Feldman incorrectly assumes that the public funding of religious schools is something new and unprecedented. “States like Maine,” he writes, “have never funded sectarian education.” In fact, the very town tuitioning program that was at issue in the Carson case funded parochial education for more than a century, from its inception in 1873 until Maine lawmakers amended it to exclude religious schools in 1983. A similar program in Vermont funded parochial schools from 1869 until 1961. Likewise, in the late eighteenth century, New York publicly subsidized a wide variety of sectarian schools via the sale of public lands, and later through city and state aid to the Free School Society.
Moreover, whether or not school choice policies may fund religious education has been a settled question since Zelman v. Simmons-Harris two decades ago. At issue in Carson was the question of whether a state may exclude otherwise eligible religious schools from participating in school choice programs if the schools engage in religious activity. The Supreme Court recently held in Espinoza v. Montana Department of Revenue that a state “need not subsidize private education,” but once it does so, “it cannot disqualify some private schools solely because they are religious.” Espinoza made clear that a school could not be excluded on the basis of its religious status but sidestepped the question of whether it could be excluded on the basis of its religious activities. In Carson, the court ruled that it could not.

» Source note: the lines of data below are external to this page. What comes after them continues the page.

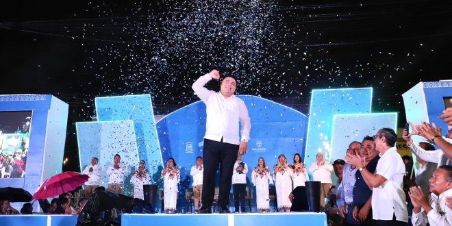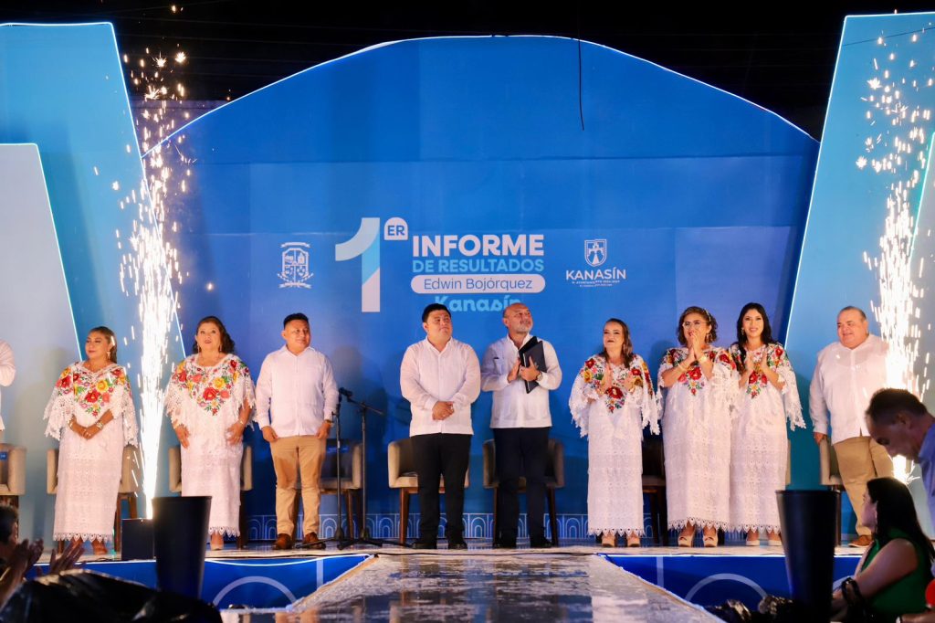 KANASÍN, Yuc., 30 de agosto 2025.- Ante cientos de familias de Kanasín, y a pesar de una pertinaz lluvia, el alcalde Edwin Bojórquez Ramírez presentó la noche de ayer viernes su Primer Informe de Resultados del periodo 2024-2027, destacando que su administración trabaja para que “nuestros niños y jóvenes alcancen sus sueños y aspiraciones; para que Kanasín siga progresando, pero sobre todo para fortalecer el núcleo base de este municipio que es la familia”.
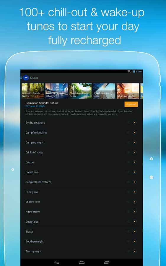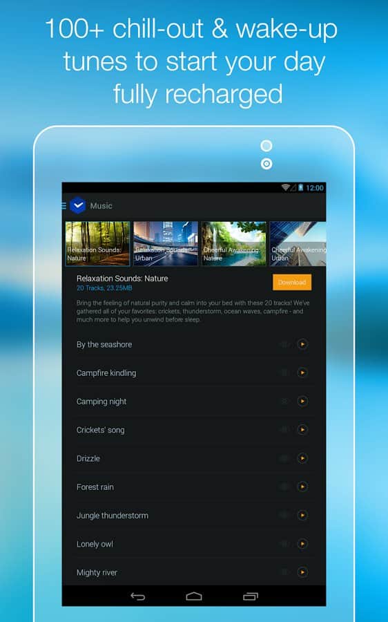 - Hoş bir uykuya dalma ve kolay bir uyanma için 100'den fazla özel melodi içerir.
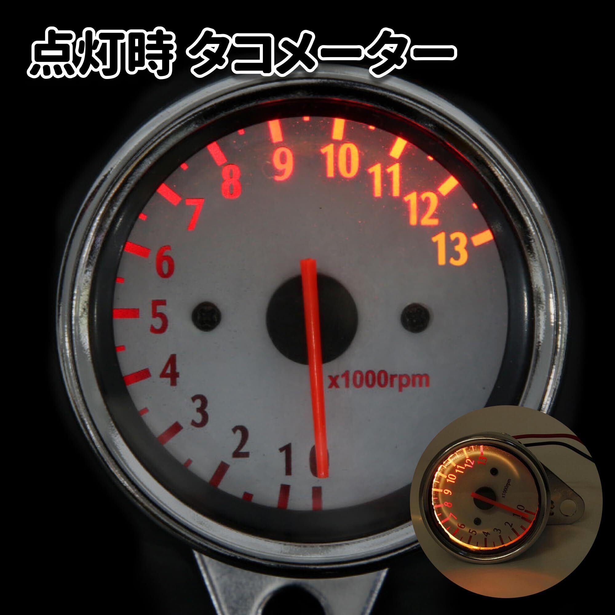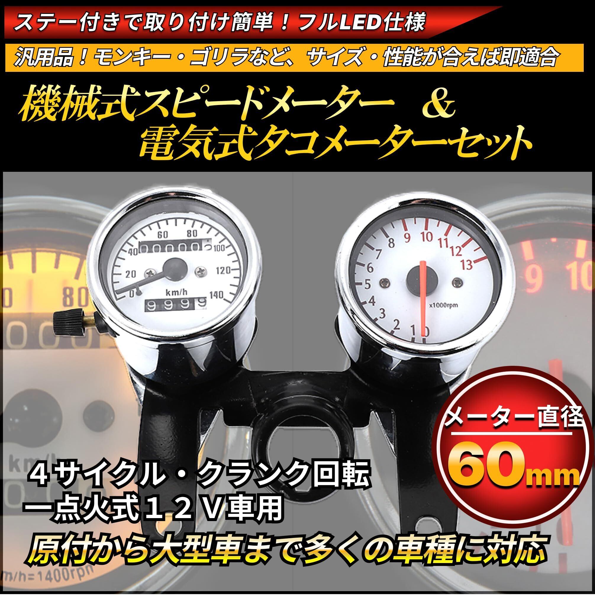 【商品説明】 原付から大型車まで愛車のドレスアップとして、そして、スピードメーター&タコメーターの交換用にご利用頂けます。モンキー・ゴリラなどの車種に最適なメーター直径60mmサイズ。汎用品のため、12V車であればマグマ50やエイプなど、原付から大型車まで幅広く利用できます。各メーターは、昼夜共に視認性が高く、夜間でも見えやすいバックライト付きです。

Feldman concludes by speculating that a nation in which more students attend religious schools would be bad for the Jews, as it “seems unlikely to promote national unity in a time of intense polarization.” However, the research literature finds that school choice policies lead to higher levels of political tolerance. One study even found that private schooling is associated with lower levels of anti-semitism—particularly among graduates of Christian schools. What’s good for the Jews—and all Americans—is an education system that respects and reflects America’s core values of religious liberty and pluralism.